Hi everyone, my name is stuart, i live in NB Canada, im two years out of high school now, and ive been doing A/V/L tech since grade 7. I love sound systems, and next year im going to audio engenering school, my dream is to one day do concert mixing. and own my own studio too. but im also a big fan of lights. so thats a little about me, and i hope i can help out and lean new stuff on here

Have a good one

*STU*


----------



## yvfd82t (Mar 3, 2005)

Welcome to Control Booth (the best techie forum).


----------



## avkid (Mar 3, 2005)

Welcome to Controlbooth, post frequently and have fun.
-The OFFICIAL Welcome Wagon (part 1)


----------



## Peter (Mar 4, 2005)

Hey Stuart! Do you go by stu? I have another friend who's name is Stuart and we all call him stu. Sounds like you have big plans! I hope you are able to learn alot from this site, as I know we will be able to learn alot from you too. 

Welcome to Controlbooth.com (the best techie forum!) [can i steal that line yvdfd82t? I like it  ]
--The Official Welcome Wagon (part 2)


----------



## stuart (Mar 4, 2005)

Yea i go by stu, stuart, whatever, i like them all , stu sounds a little better i think. Thanks for the welcome. I think this will be the first fourm that im a member of and actualy come on a regularly.
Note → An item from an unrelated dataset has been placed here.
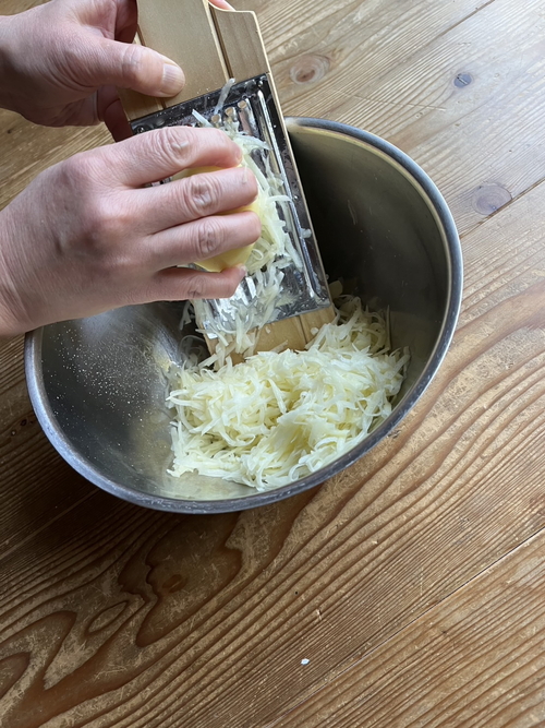 ジャガイモがだんだん小さくなってきたら力加減に注意して!力を入れすぎると指や爪がザックリ…(怖)。最後は無理せず包丁で千切りしましょう。

I was on here for like 3 hours yesterday 

PS: Sorry about the double post thing, i tried to deleate one of them, last night but i guess it didint work

Another quick question, whats with the little headphone things on the side of my posts, i asume that thayre some sort of rateing system???


----------



## Peter (Mar 4, 2005)

Hey, dont worry about the double post, we all learn. 

This is a great forum to become a serious member of! 

The headphones are an indicator of the number of posts you have made (the title under your name will change too the more posts you make) This is not to encourage you to make lots of random pointless post, often somone who doesnt make many posts can instead have a few but of very high quality.

Welcome once again!


----------